- What you need to do
Print verbatim the lines from the beginning of the entries through the line containing "up to 8 Hogs", both ends included. Pictures should be left out.
- - -
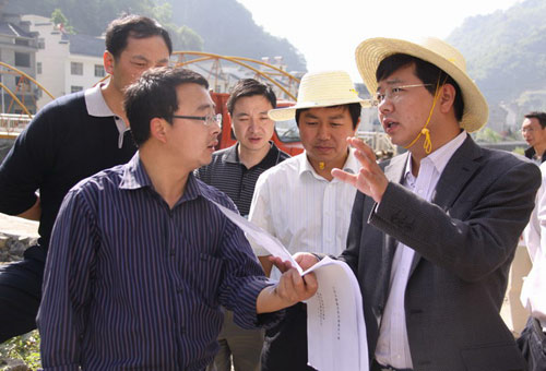 神農(nóng)架林區(qū)黨委政府召開下谷鄉(xiāng)現(xiàn)場辦公會(huì)議。右一為周森峰。
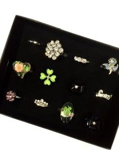 S_70211U - Exklusive Luxus-RINGE MIT KASTEN ASSORTED BLUME / BUTTERFLY (6pc)
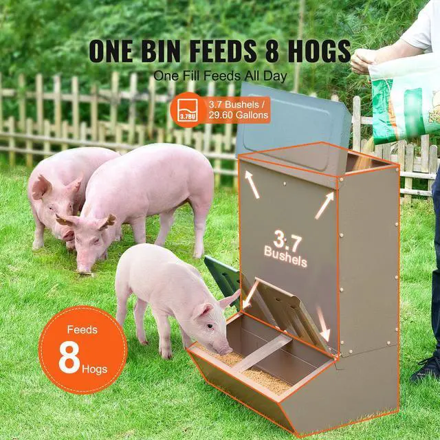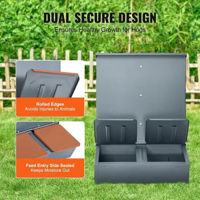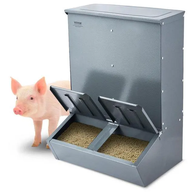 • VEVOR Hog Feeder 3.7 Bushel Metal Double Door Pig Feeder Feeding up to 8 Hogs
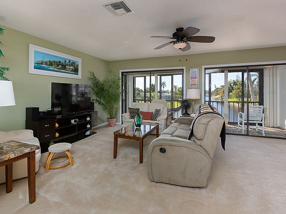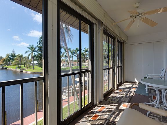 Spectacular southern exposure GULF ACCESS 2/2 TURNKEY 2nd floor end unit with intersection canal views. Open floor plan concept that encompasses two spacious bedrooms, two bathrooms, detached carport with an updated kitchen and inviting living room area that is great for entertaining. Sit out on your lanai while taking in the captivating intersection canal views while you enjoy the tranquil sunsets and watching the boating traffic go by. Many features including amazing views, roll down shutters in the lanai, boat dock, newer a/c, newer appliances, custom interior plantation shutters, meticulously maintained, low HOA & so much more! A short boat trip out to open water with only one bridge navigable access and boat dock to first come first serve. Community offers a pool area and cabana area. Located close to downtown Cape Coral with a short drive to the beach, dining, shopping and entertainment. Some of the furnishings, wall art and personal items do not convey. This amazing condo is ready for its new owner, investor or 2nd homeowner! Come see today because it will not last long!!!
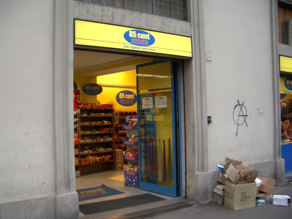 イタリアのフィレンツエをぶらぶらしていたら、なんと100均ショップが有った。「85 cent Shop」の看板が有り、レートが129.8円/€なので、円換算で110円に成った。どちらが本家なのだろうか。
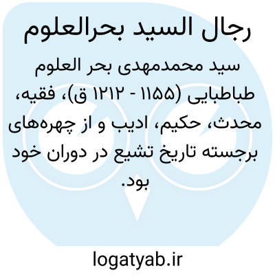 [ویکی فقه] بحر العلوم طباطبایی، سید محمد مهدی (۱۱۵۵ - ۱۲۱۲ ق) فقیه، محدث، حکیم، ادیب و سردودمان آل بحرالعلوم و رئیس حوزه علمیه نجف و مرجع شیعیان در روزگار خود بود، وی صاحب کتاب رجالی با عنوان، رجال السید بحر العلوم، می باشد.
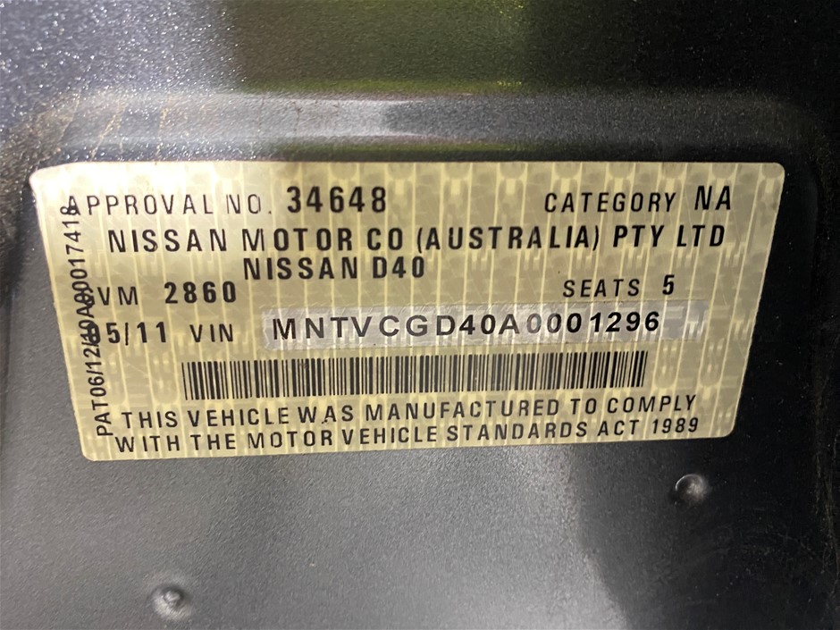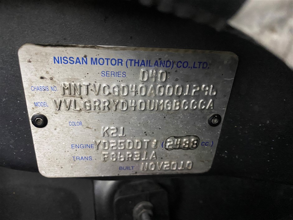 | Part of Sale | 2010 Nissan Navara RX 4X2 DOUBLE CAB D40 T/D Manual Dual Cab | ||||||||||||||
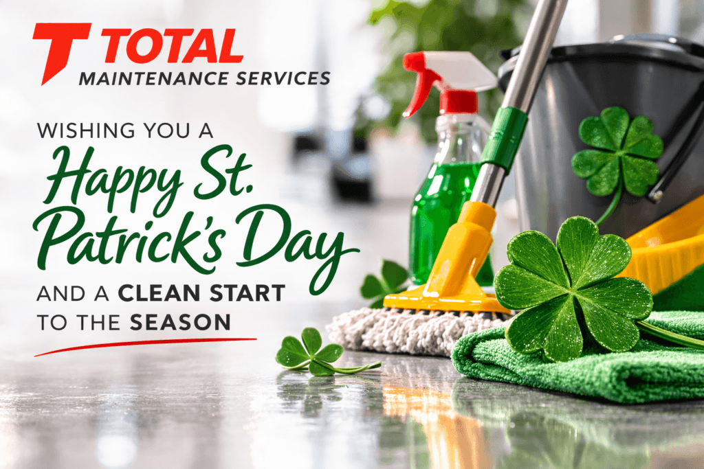 Celebrate St. Patrick’s Day with a cleaner workplace. Total Maintenance Services provides professional office cleaning, floor care, lobby cleaning, and facility maintenance to keep your business looking its best.
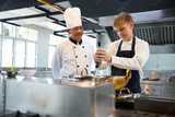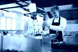 young chef cooking some food and senior chef beside him in the kitchen
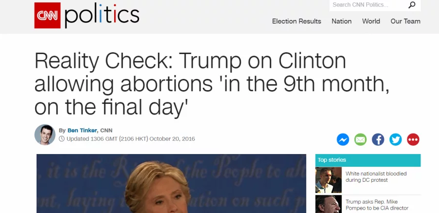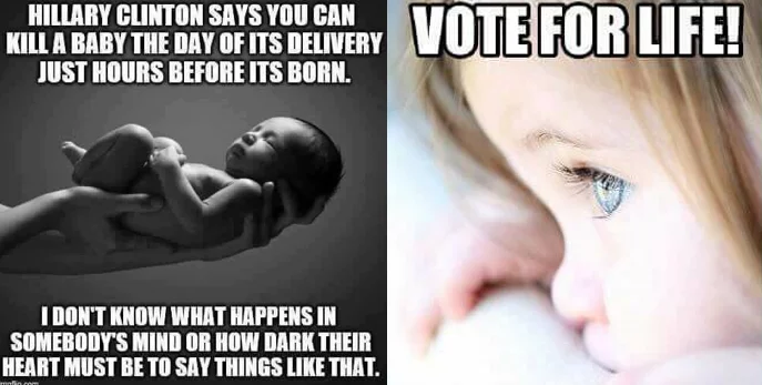 On the other hand, Trump denigrates Clinton in their debates by saying she thinks it is okay to stop a pregnancy when the mother is almost due. This is a form of negative messaging as Trump says something about Clinton’s standpoint on this issue, which is negative in the eyes of Christians.
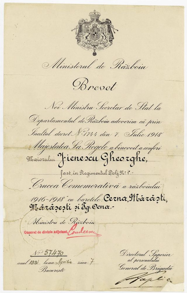 ✈️𝐙𝐢𝐮𝐚 𝐌𝐨𝐧𝐝𝐢𝐚𝐥𝐚̆ 𝐚 𝐀𝐯𝐢𝐚𝐭̦𝐢𝐞𝐢 𝐬̦𝐢 𝐚 𝐂𝐨𝐬𝐦𝐨𝐧𝐚𝐮𝐭𝐢𝐜𝐢𝐢 Cu prilejul acestei zilei, vă propunem să vă delectați cu un brevet emis de Ministerul de Război, prin care maiorul Gheorghe Jienescu primește decorația “Crucea Comemorativă a războiului 1916-1918”, cu baretele Cerna, Mărăști, Mărășești și Tg. Ocna. Gheorghe Jienescu (1894-1971) a fost un pilot român, general de aviație și subsecretar de stat în Ministerul Apărării Naționale pentru Aer și Marină (1941-1944). Ziua Mondială a Aviației și a Cosmonauticii este celebrată anul la data de 12 aprilie după ce, în anul 1961, pilotul și cosmonautul sovietic Iuri Gagarin a devenit primul om care a ajuns în spațiu. 🔗http://clasate.cimec.ro/Detaliu.asp… 📷Brevet de decorație, Muzeul Național de Istorie a României – BUCUREȘTI, 7 aprilie 1931 #patrimoniu #patrimoniumobil #patrimoniucultural #culturalheritage #ziuaaviației
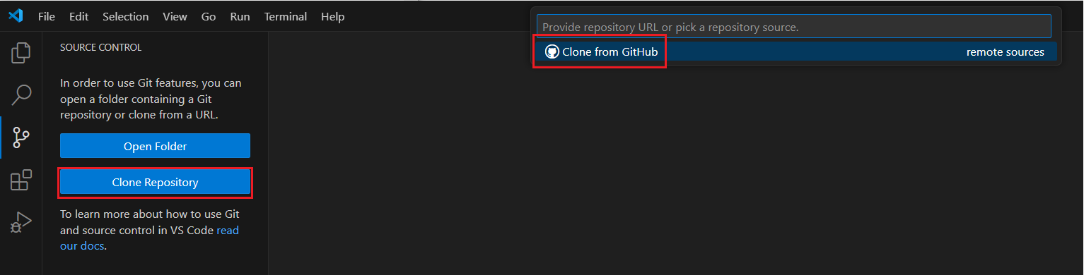 Git 설치 후 "Source Control"을 클릭하면 Git 다운로드 화면이 없어짐
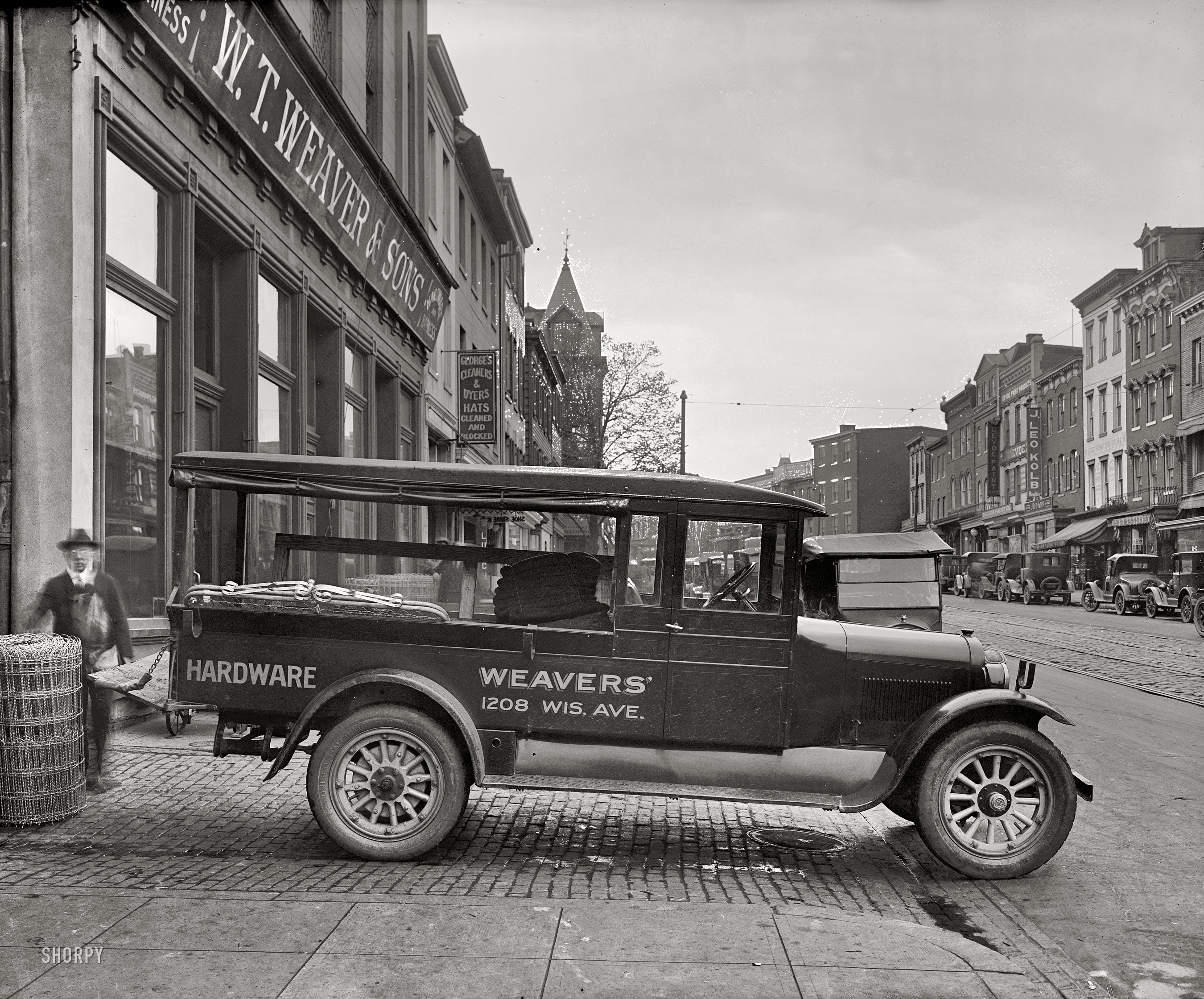 That store is W. T. Weaver and Sons Hardware. This is a store that GM has already profiled on Not So Long Ago when he compared the current facade with how it stood in 1993. Today, GM goes back a lot further. This photo is from 1926.
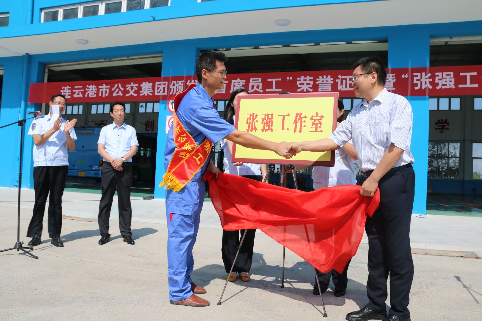 為充分發(fā)揮員工在公交集團(tuán)創(chuàng)新發(fā)展中的主力軍作用,弘揚(yáng)勞動(dòng)模范的偉大品格和工匠精神,提升員工隊(duì)伍的整體素質(zhì),促進(jìn)企業(yè)的良性發(fā)展。9月15日上午,公交集團(tuán)在大浦保養(yǎng)廠頒發(fā)“首席員工”證書(shū)暨“張強(qiáng)工作室”揭牌儀式。公交集團(tuán)黨委書(shū)記、總經(jīng)理劉佃華主持,交通控股集團(tuán)黨委書(shū)記、董事長(zhǎng)劉永能、工會(huì)主席王中永、工會(huì)副主席張曉紅,公交集團(tuán)中層以上干部、職工代表張強(qiáng)班組、各單位職工代表參加儀式。
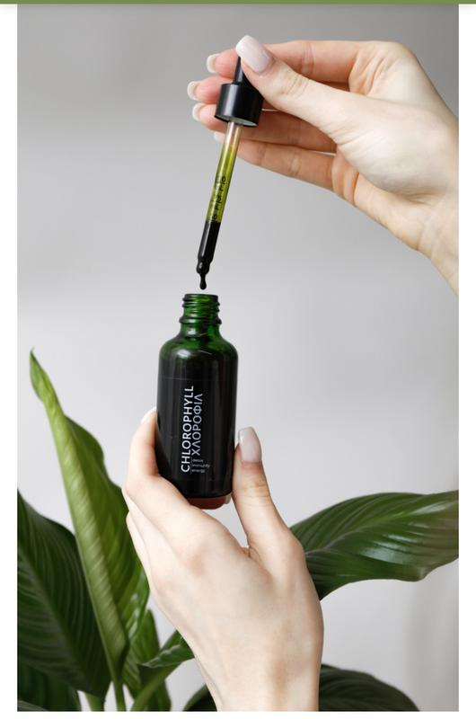 ХЛОРОФІЛ – зелений рослинний пігмент, який поєднує в собі потужні поживні речовини, завдяки чому має системний вплив на організм. На сьогодні вже досконало доведено позитивний вплив на імунітет, кровотворення, метаболічні процеси, антиоксидантну та антимутагенну активність. Детокс • Антиоксидант • Імунотроп • Кисневий енерготонік • Біологічний каталізатор метаболізму • Регулятор глікемічного індексу • Корекція ваги • Антианемічна дія • Стрес-адаптоген та антидепресант • Внутрішній дезодорант • Профілактика передчасного старіння • Природний гіалуроновий філер • Онкопротектор • Кардіопротектор • Природний пре- і пробіотик
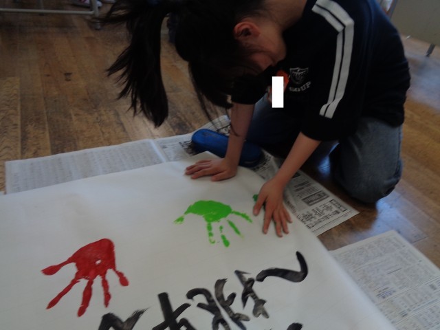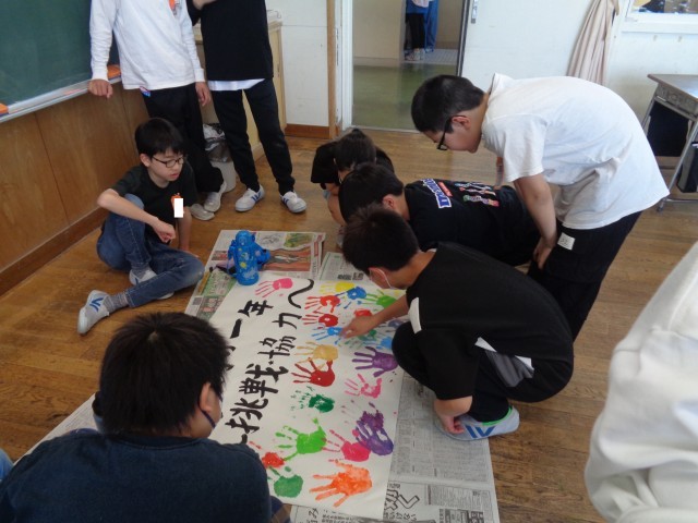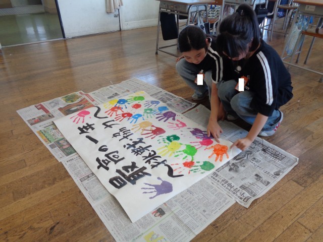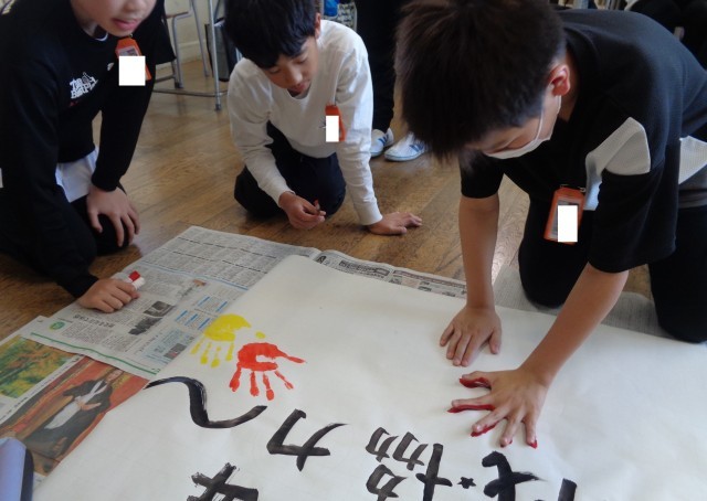 6年生の図画工作科の学習の様子です。学級目標の掲示を考え、一人一人の手形を押しました。好きな色で個性を出し、文字の下に手形を配置することで、学級を支えようという思いを表現しました。落ち着いた雰囲気の中に楽しそうな声が聞こえました。
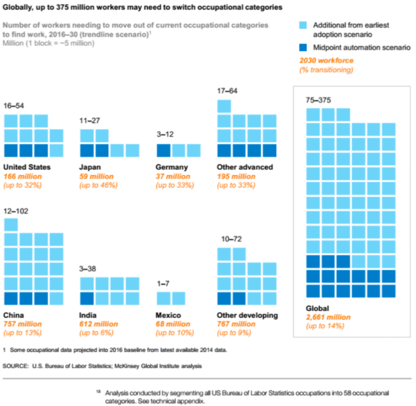 但是實(shí)際情況卻不能把人才冗余問(wèn)題一棍子打死,首先,冗余是絕對(duì)的,沒(méi)有不存在冗余的企業(yè),用現(xiàn)在比較流行的話說(shuō),企業(yè)發(fā)展是克服“熵增”的過(guò)程,熵是永遠(yuǎn)存在的,冗余既是一種熵,因此應(yīng)對(duì)人才冗余,重要的是將其控制在合理的范圍內(nèi),比如人力資源結(jié)構(gòu)上的冗余,對(duì)于企業(yè)應(yīng)對(duì)突發(fā)狀況,如大規(guī)模人才流失,或解決短時(shí)間市場(chǎng)擴(kuò)展問(wèn)題是能起到一定作用的;其次,企業(yè)的發(fā)展本身就是一個(gè)“均衡—不均衡—均衡”的過(guò)程(彭羅斯的企業(yè)成長(zhǎng)理論),尤其是在VUCA時(shí)代,需要快速應(yīng)對(duì)的變化有很多,如何在不均衡中尋找動(dòng)力成為關(guān)鍵問(wèn)題,因此而帶來(lái)的人才冗余也是必然要接受的,這一點(diǎn),不僅對(duì)于企業(yè)適用,從處于變革期的社會(huì)也同樣如此,如麥肯錫2017年1月的“JOBS LOST, JOBS GAINED: WORKFORCE TRANSITIONS”報(bào)告所顯示的,隨著互聯(lián)網(wǎng)及數(shù)字技術(shù)的發(fā)展,預(yù)計(jì)2030年,全球有3.75億人面臨轉(zhuǎn)崗問(wèn)題,如下圖所示,列舉了美國(guó)、日本、德國(guó)、中國(guó)、印度、墨西哥等國(guó)家的面臨的轉(zhuǎn)崗人數(shù),假如我們把不同的國(guó)家比作不同行業(yè)不同發(fā)展階段的企業(yè),那即可將這種轉(zhuǎn)崗的趨勢(shì)看作不同行業(yè)生態(tài)下,各企業(yè)所面臨的剛性的人才冗余問(wèn)題。
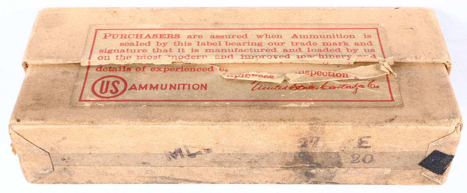 U.S. Cart. Co., ,45-70 U.S. Gov't, black powder, 405 Gr. Bullet, 2pc, Full, buff box with blue label, box is solid with light age soiling, rub marks &, edge wear, ammo is very good. Grade: Very Good ++ - Value: 40 to 80
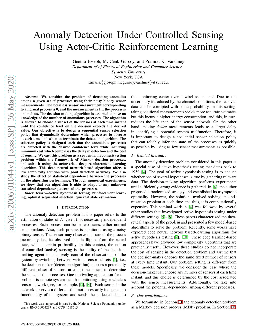 Anomaly Detection Under Controlled Sensing Using Actor-Critic
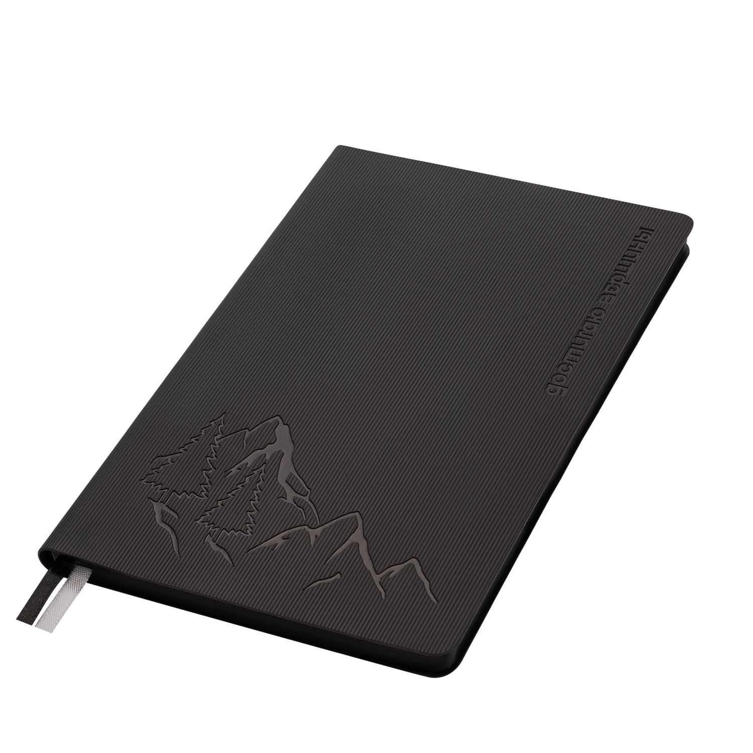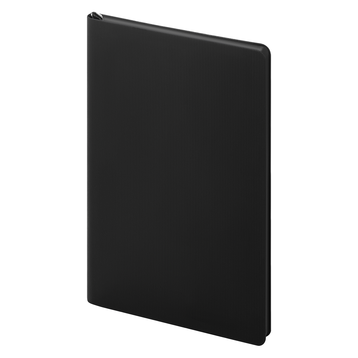 Недатированный ежедневник в строгой деловой лаконичной тональности. Современный технологичный дизайн, спокойные природные цвета. Гибкая матовая обложка со скругленными уголками выполнена из искусственной кожи, имитирующей покрытие в стиле Hi-Tech. Переплетный материал с вертикальным рифлением, бархатистый, со слегка прорезиненным эффектом. За счет интересной рельефной фактуры прослеживается игра цвета при перемене освещения. Цвет – классический черный, плотный, однородный. Создает органичный сдержанный тандем с матовыми форзацем и нахзацем серого цвета. Срез матовый, в тон обложки. Страницы со скругленными уголками приятного глазу теплого светло-кремового цвета. Выполнены из гладкого шелковистого офсета. Ежедневник дополнен двойным атласным ляссе из лент серого и черного цветов, имеющих глянцевый отлив.Без упаковки (без стикера)
- - -
- Output for this task
 神農(nóng)架林區(qū)黨委政府召開下谷鄉(xiāng)現(xiàn)場辦公會(huì)議。右一為周森峰。
 S_70211U - Exklusive Luxus-RINGE MIT KASTEN ASSORTED BLUME / BUTTERFLY (6pc)
 • VEVOR Hog Feeder 3.7 Bushel Metal Double Door Pig Feeder Feeding up to 8 Hogs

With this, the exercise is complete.